Published: 2026-04-18 16:29:25
Authors: Evgenii Chzhen, Sholom Schechtman
Categories: math.OC
Abstract:
We analyze the constant step size subgradient method on nonsmooth, nonconvex functions. We identify geometric assumptions on the objective function under which i) its domain admits a partition (stratification) into smooth manifolds (strata) on which the function is smooth; ii) a global projection formula for Clarke subgradients holds; and iii) quantitative curvature bounds hold on each stratum. Under these conditions, we prove that the iterates of the subgradient method locally shadow a Riemannian gradient descent on nearby strata, which we use to measure stationarity. We introduce a selection rule for the active stratum and develop a mechanism that assembles local descent inequalities across successive strata into explicit convergence rates. These rates are expressed in terms of the number of dimensions present in the stratification, improve as the number of strata decreases, and recover, up to constants, the classical rates in the smooth case.
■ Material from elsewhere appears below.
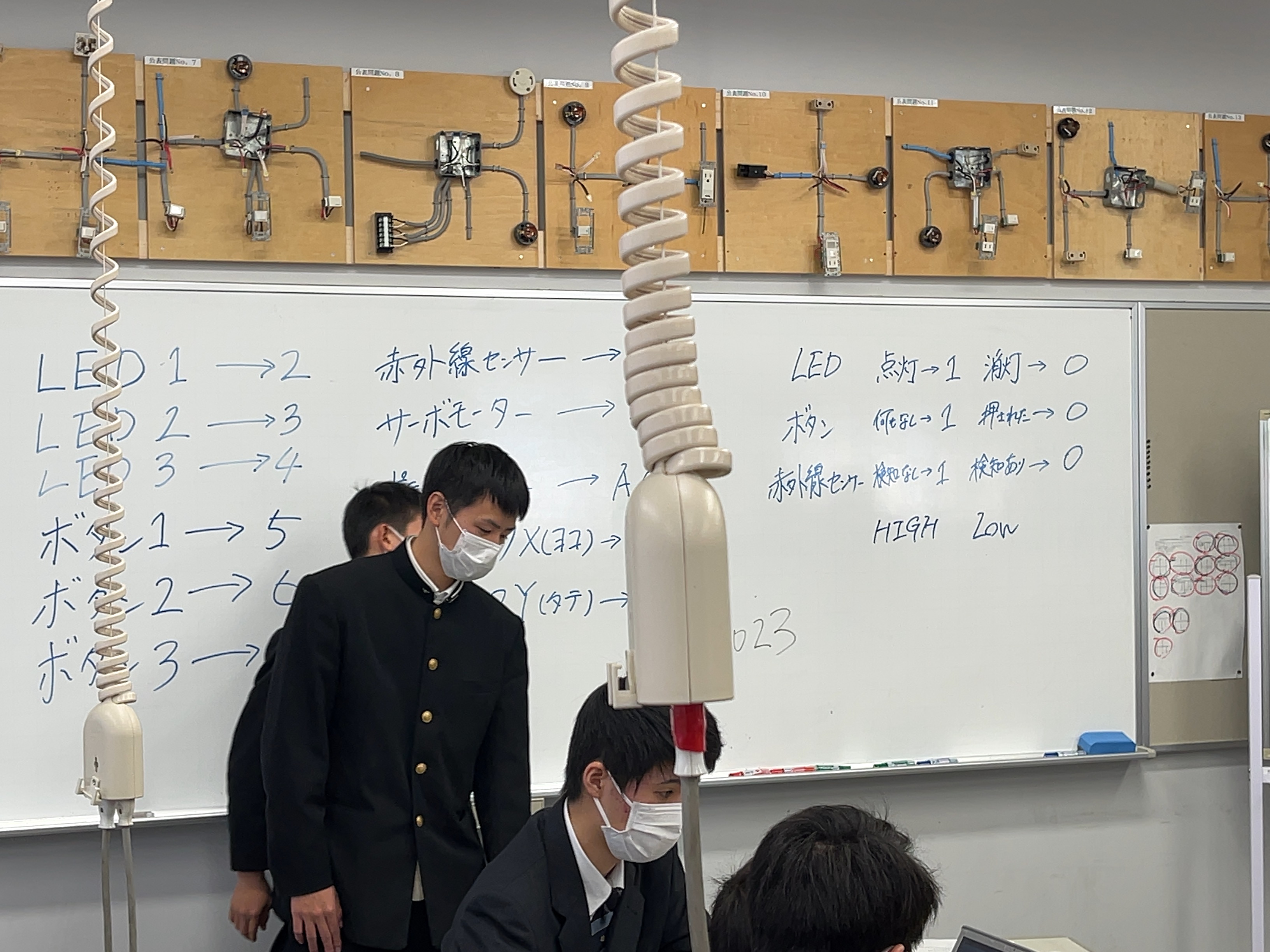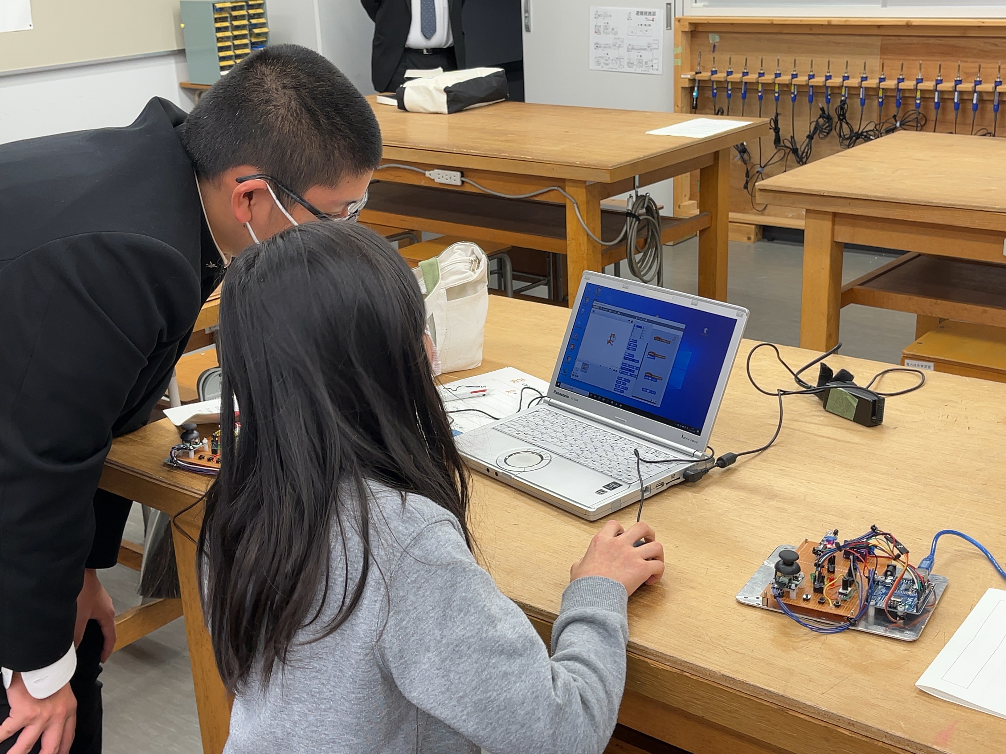 今回は、金沢北陵高等学校、金沢市立工業高等学校の高校生が講師となって、プログラミングでLED、ブザー、モーター、ジョイコン等を制御する基礎を学びました。

We show that the stated assumptions follow from the existence of Lipschitz stratifications of semialgebraic sets, and are therefore automatically satisfied for semialgebraic functions and, more generally, for functions definable in polynomially bounded o-minimal structures, yielding the first known convergence rates in these settings. As intermediate results of independent interest, we establish tubular neighborhood estimates for Lipschitz stratifications and a global projection formula for Clarke subgradients. Finally, we show that our framework extends to decreasing step size and recovers, via an alternative argument, the recently announced result of Lai and Song on sequential convergence of the subgradient method with step sizes 1/k.